[LISTED RECORDS — start]
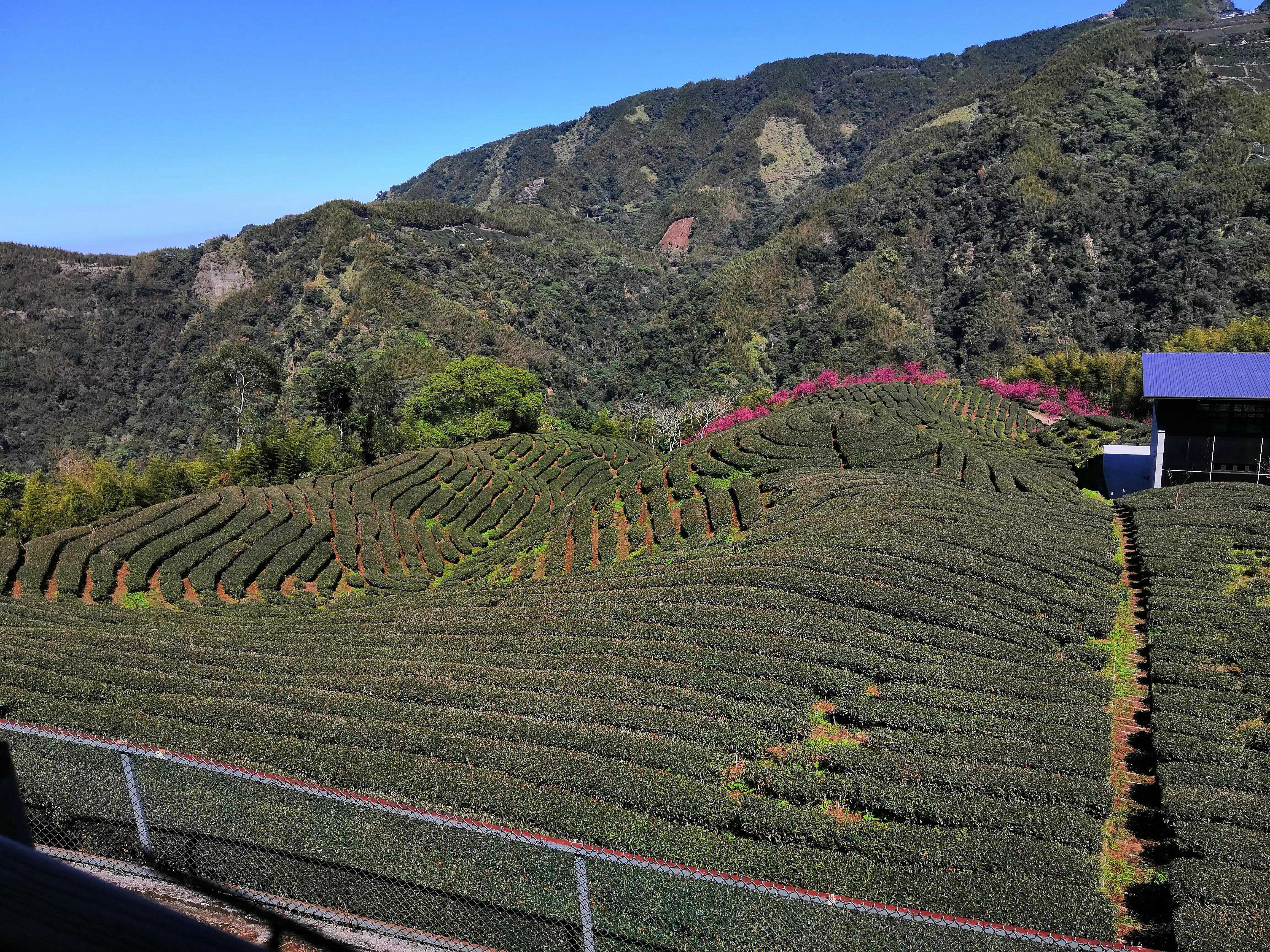台湾的地理位置与气候适宜种茶,高山丘陵茶山也随处可见,我们随台湾朋友游览了八卦茶园,看云雾缭绕间的茶园碧绿苍翠,茶农在茶园里辛勤耕耘。
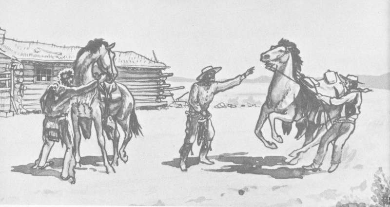 Changing mounts at Pony Express Station. Original sketch in Oregon Trail Museum.
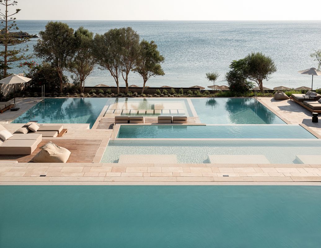 - Junior Suite Pool View (32 м², макс. 4 чел.).
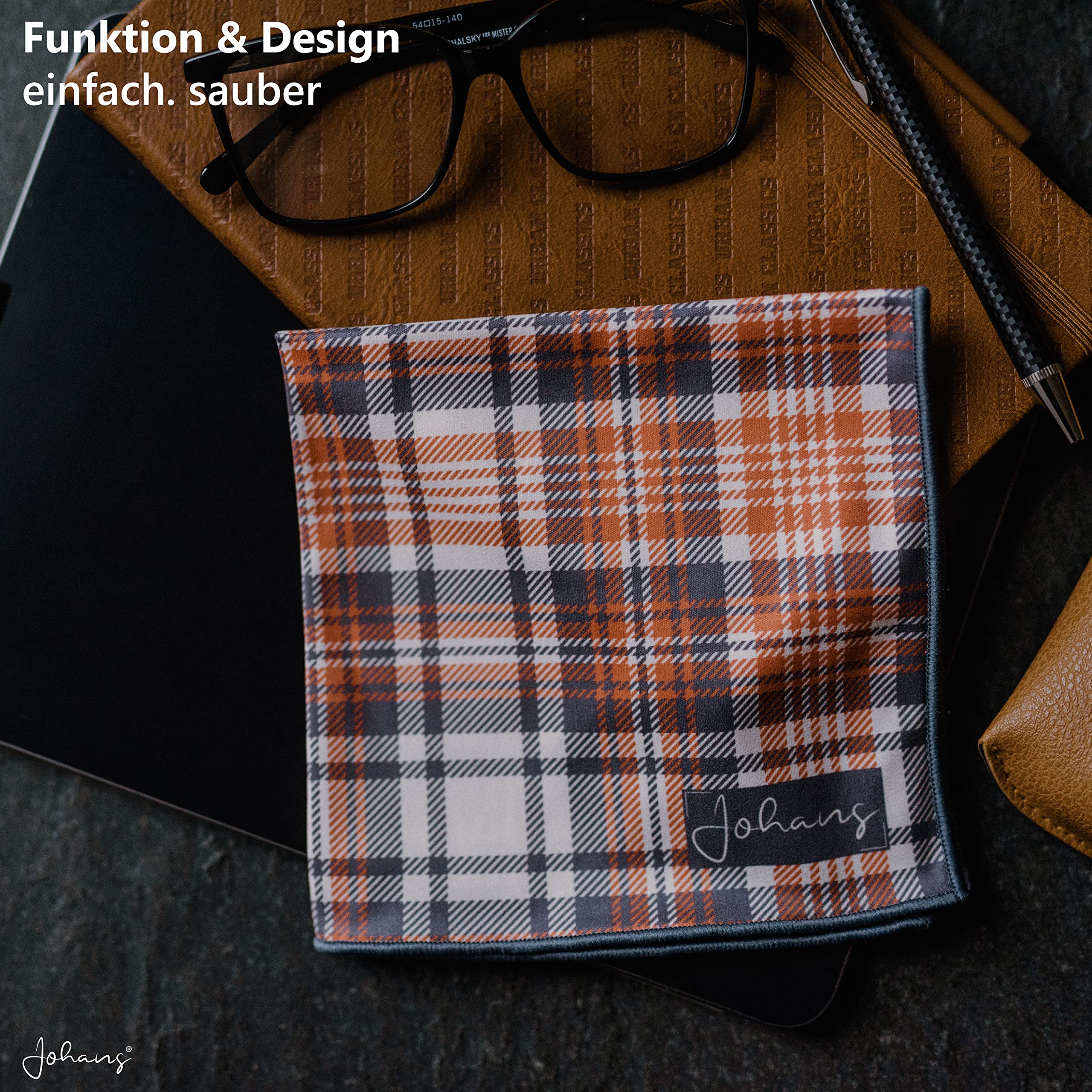 Durch die Grösse (30x30cm) liegt das Johans Tuch besonders gut in der Hand und bietet viel Fläche für eine gründliche Reinigung deiner Brillengläser oder Displays Deiner täglichen Begleiter.
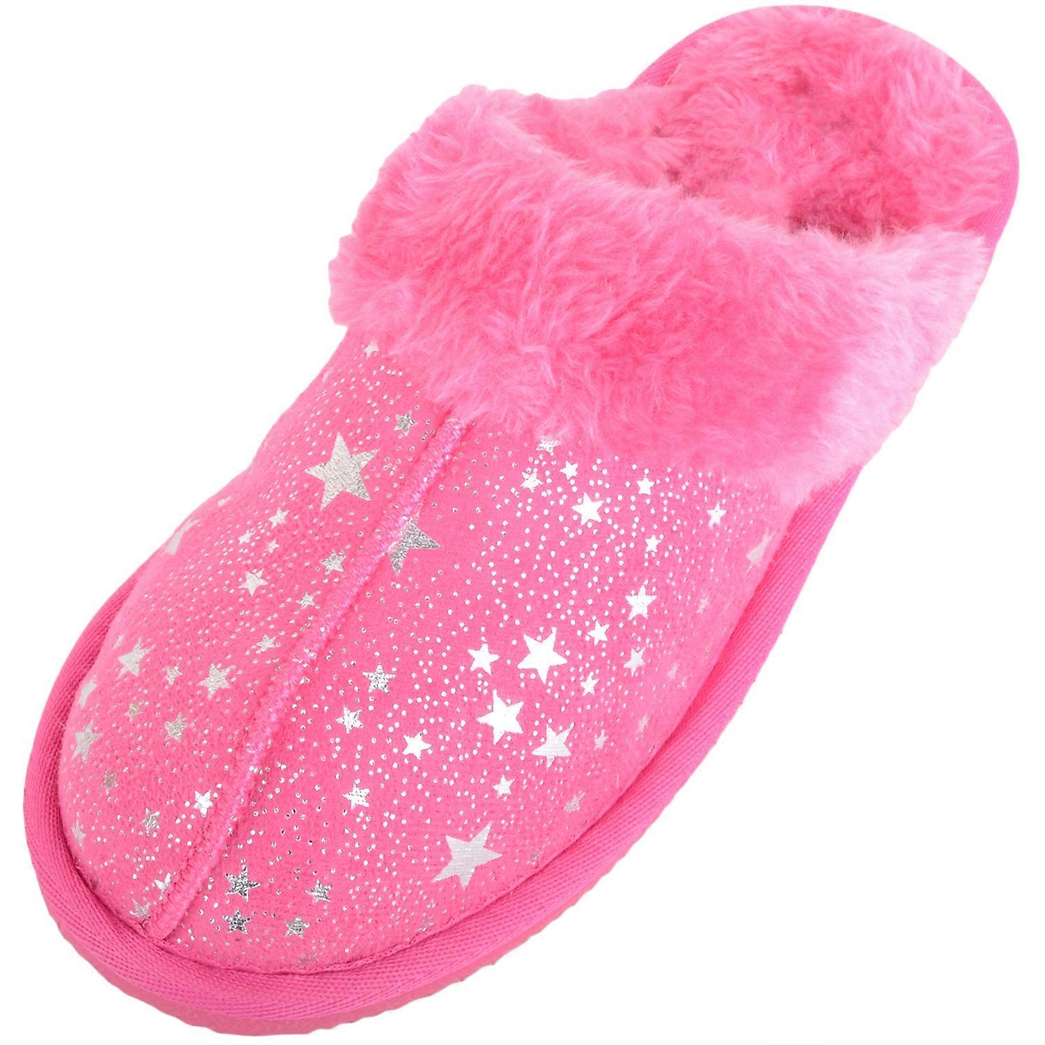 Absolute Footwear Childrens Slip On Open Back Faux Fur Mule Slippers with Star Design
[LISTED RECORDS — finish]
Extract the run of lines from the line holding "Changing mounts at" through the final line of the material above, exactly and inclusively. Leave the pictures behind.

 Changing mounts at Pony Express Station. Original sketch in Oregon Trail Museum.
 - Junior Suite Pool View (32 м², макс. 4 чел.).
 Durch die Grösse (30x30cm) liegt das Johans Tuch besonders gut in der Hand und bietet viel Fläche für eine gründliche Reinigung deiner Brillengläser oder Displays Deiner täglichen Begleiter.
 Absolute Footwear Childrens Slip On Open Back Faux Fur Mule Slippers with Star Design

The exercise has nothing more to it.